All SIM card customers should sign in quickly

PRESIDENT Ferdinand R. Marcos, Jr. on Monday signed into law a measure mandating the registration of all subscriber identity module (SIM) cards in the Philippines — a move welcomed by the country’s telecommunication players.

In a speech after signing the law, which critics say could lead to data breaches and privacy violations, Mr.
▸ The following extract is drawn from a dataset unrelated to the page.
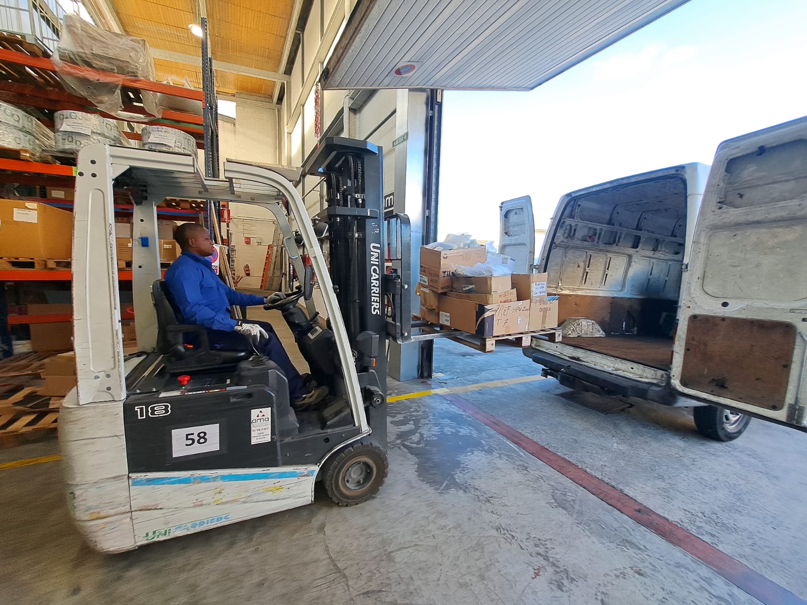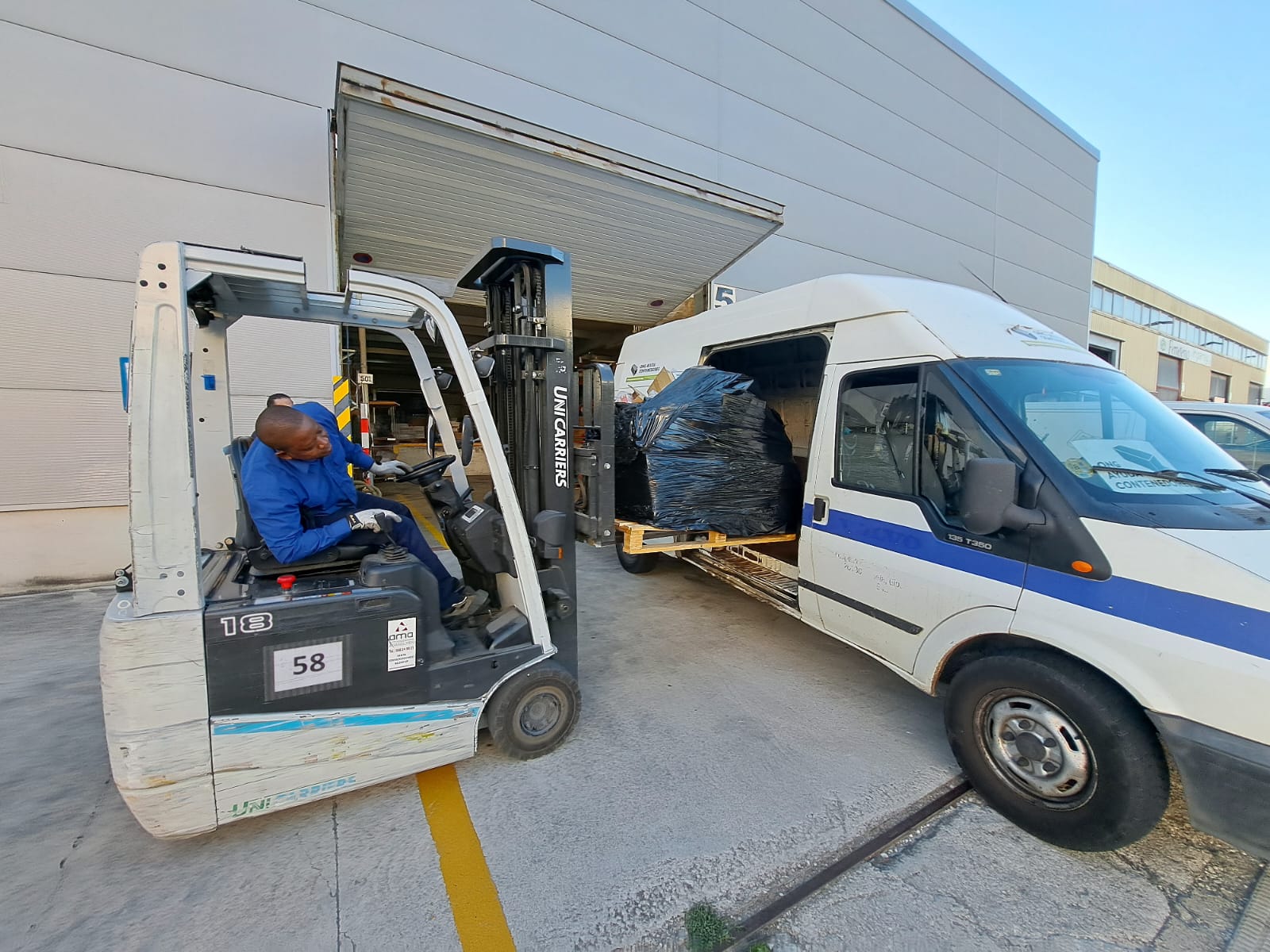 El día 10 de octubre de 2025 hemos recogido una donación de la Ferretería Irigaray de Pamplona consistente en 4 palés de material diverso.

Marcos reiterated that regulating SIM cards would help deter crimes committed through mobile phones.

The SIM Card Registration Act would “curb the spread of spam text messages and scams,” he said. “We will soon be able to provide law enforcement agencies the tools needed to resolve crimes perpetrated with the use of these SIM cards as well as providing a strong deterrence against the commission of wrongdoing.”

The law requires buyers of SIM cards to register prior to activation, while those already in circulation will be deactivated unless registered within a set period.

There are more than 120 million mobile subscribers in the Philippines, where scams using mobile telecommunications has been on the rise in recent years.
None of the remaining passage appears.